INFORMATION PROVIDED =>
• • • • •
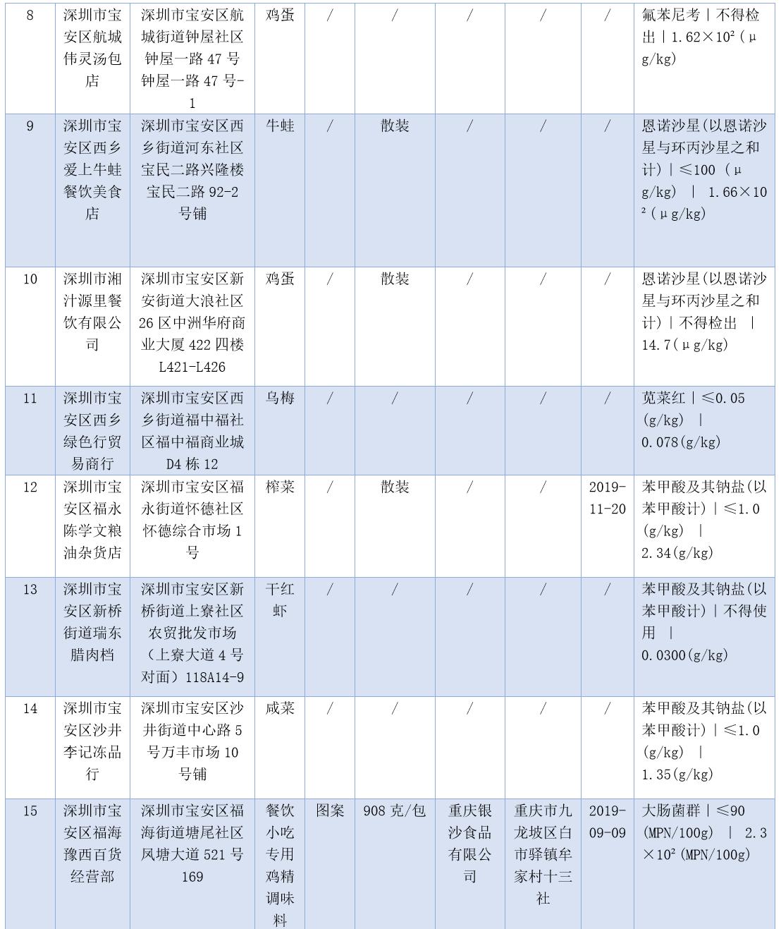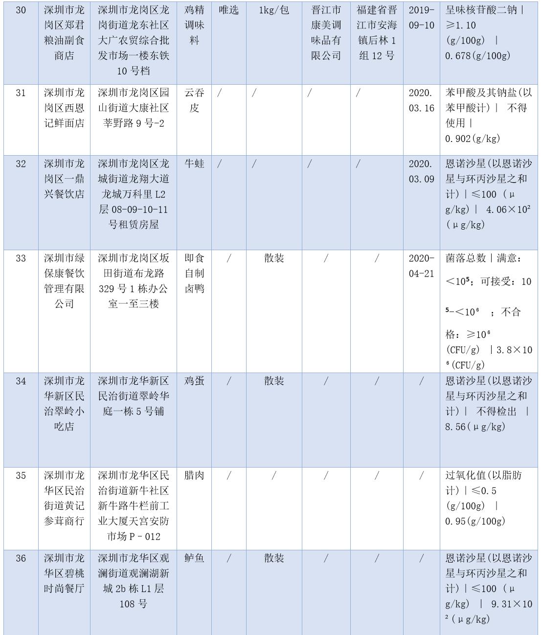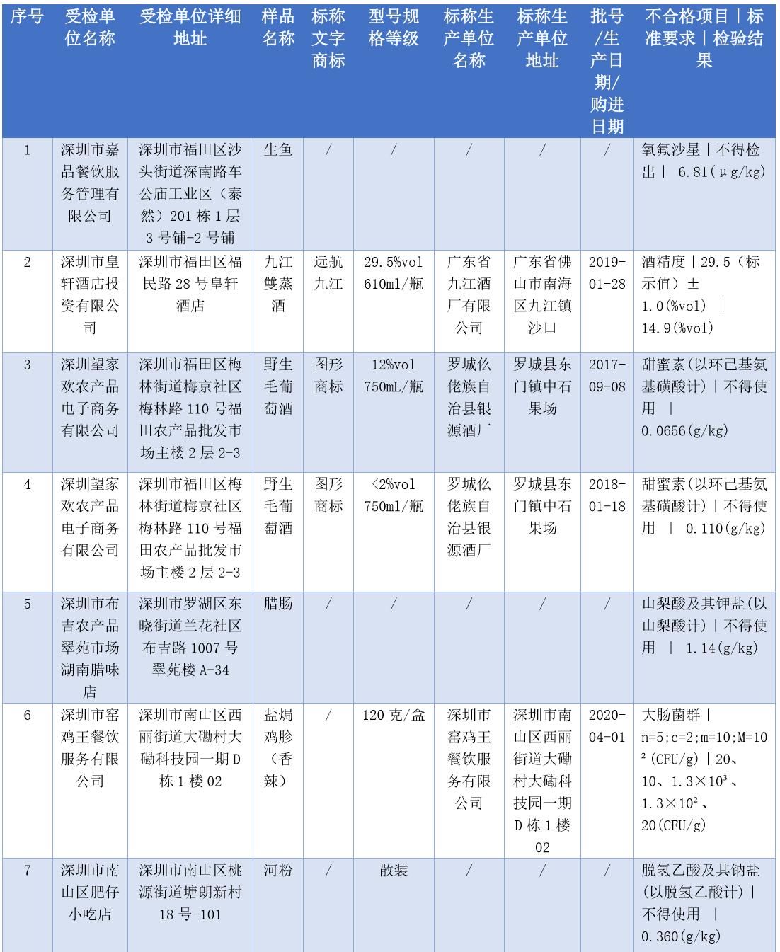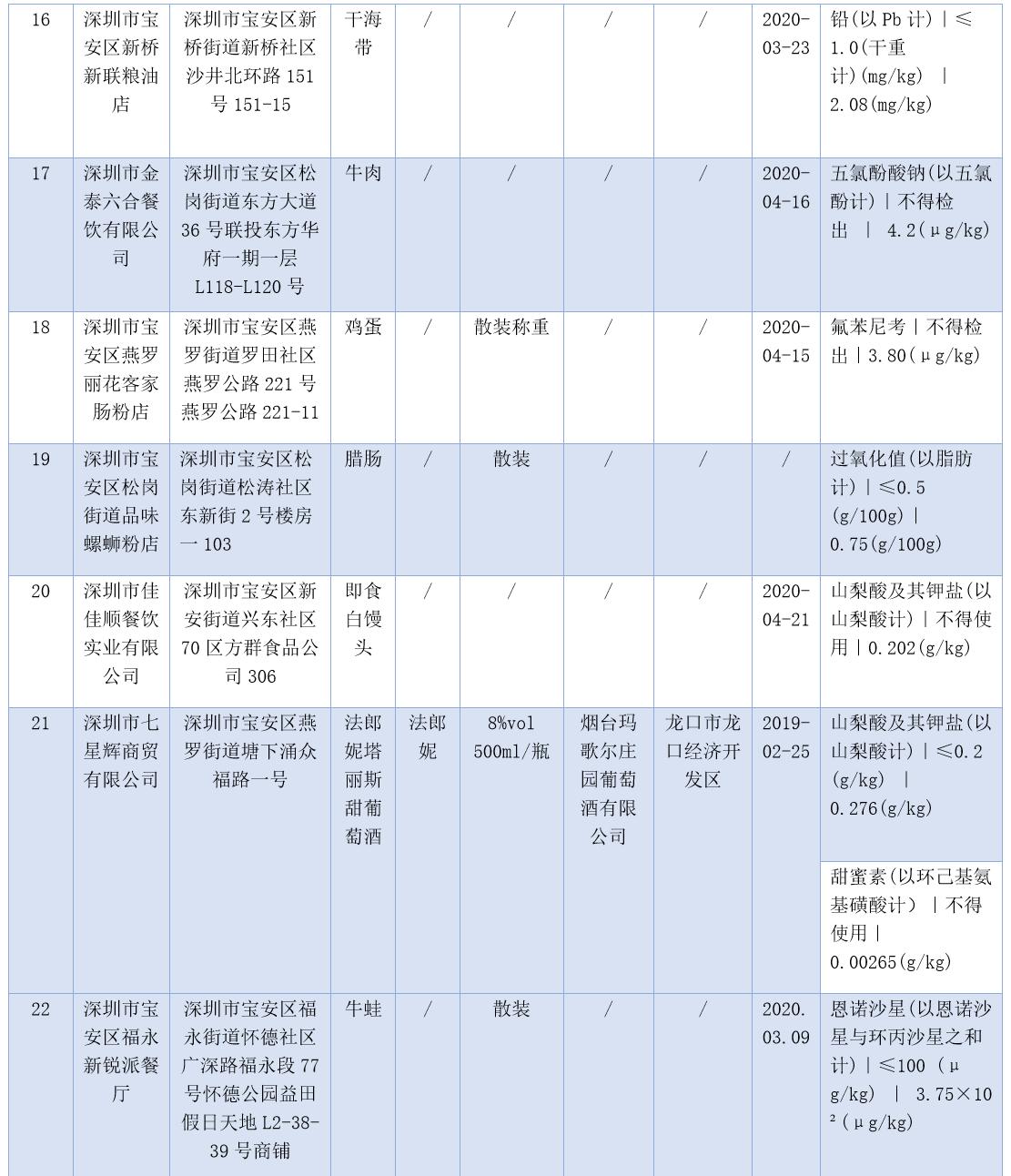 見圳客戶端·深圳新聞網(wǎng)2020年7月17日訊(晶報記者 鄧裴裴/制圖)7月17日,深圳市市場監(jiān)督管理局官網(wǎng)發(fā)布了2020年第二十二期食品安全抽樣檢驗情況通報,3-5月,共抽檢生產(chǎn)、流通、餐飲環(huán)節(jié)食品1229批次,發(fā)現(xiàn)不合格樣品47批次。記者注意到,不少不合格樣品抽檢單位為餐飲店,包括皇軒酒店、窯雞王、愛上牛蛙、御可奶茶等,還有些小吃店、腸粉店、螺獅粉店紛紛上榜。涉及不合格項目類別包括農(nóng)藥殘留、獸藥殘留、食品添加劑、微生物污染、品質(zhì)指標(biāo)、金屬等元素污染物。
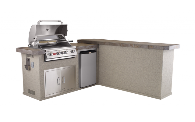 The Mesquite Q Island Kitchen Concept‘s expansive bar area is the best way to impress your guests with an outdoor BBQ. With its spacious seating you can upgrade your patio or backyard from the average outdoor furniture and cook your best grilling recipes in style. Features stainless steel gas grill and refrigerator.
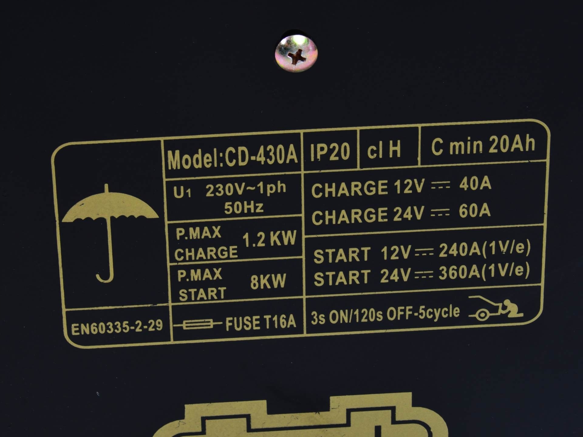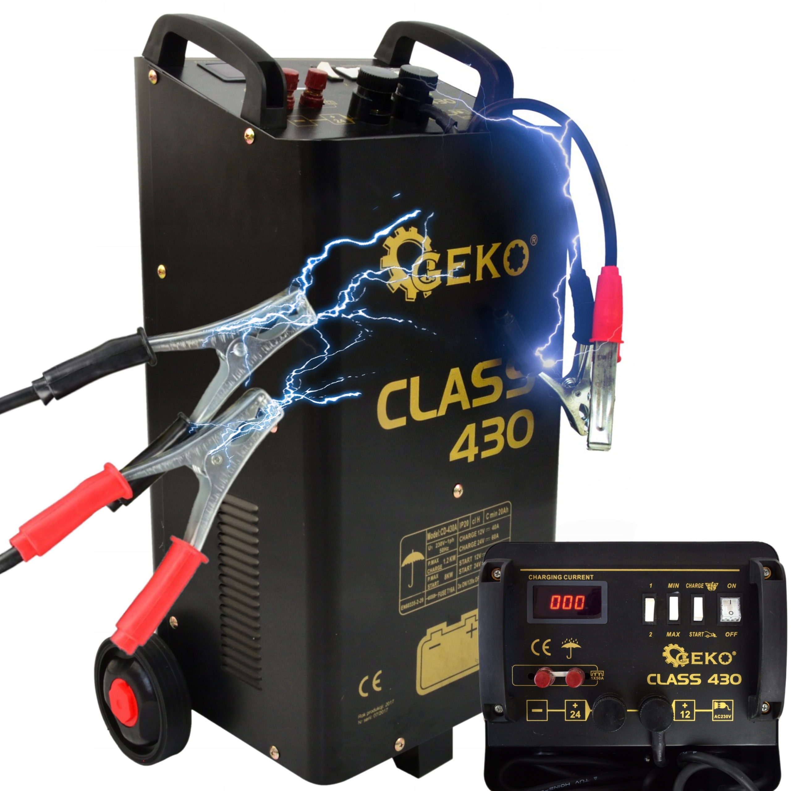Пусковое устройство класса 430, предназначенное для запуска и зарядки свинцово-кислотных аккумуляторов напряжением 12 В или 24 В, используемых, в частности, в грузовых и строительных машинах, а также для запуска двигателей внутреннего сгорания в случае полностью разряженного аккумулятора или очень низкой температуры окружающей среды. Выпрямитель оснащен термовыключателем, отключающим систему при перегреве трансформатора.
• • • • •
TASK DESCRIPTION => What this calls for is a word-for-word copy of the listing above, pictures excluded.

SOLUTION TO THIS PROBLEM =>
 見圳客戶端·深圳新聞網(wǎng)2020年7月17日訊(晶報記者 鄧裴裴/制圖)7月17日,深圳市市場監(jiān)督管理局官網(wǎng)發(fā)布了2020年第二十二期食品安全抽樣檢驗情況通報,3-5月,共抽檢生產(chǎn)、流通、餐飲環(huán)節(jié)食品1229批次,發(fā)現(xiàn)不合格樣品47批次。記者注意到,不少不合格樣品抽檢單位為餐飲店,包括皇軒酒店、窯雞王、愛上牛蛙、御可奶茶等,還有些小吃店、腸粉店、螺獅粉店紛紛上榜。涉及不合格項目類別包括農(nóng)藥殘留、獸藥殘留、食品添加劑、微生物污染、品質(zhì)指標(biāo)、金屬等元素污染物。
 The Mesquite Q Island Kitchen Concept‘s expansive bar area is the best way to impress your guests with an outdoor BBQ. With its spacious seating you can upgrade your patio or backyard from the average outdoor furniture and cook your best grilling recipes in style. Features stainless steel gas grill and refrigerator.
Пусковое устройство класса 430, предназначенное для запуска и зарядки свинцово-кислотных аккумуляторов напряжением 12 В или 24 В, используемых, в частности, в грузовых и строительных машинах, а также для запуска двигателей внутреннего сгорания в случае полностью разряженного аккумулятора или очень низкой температуры окружающей среды. Выпрямитель оснащен термовыключателем, отключающим систему при перегреве трансформатора.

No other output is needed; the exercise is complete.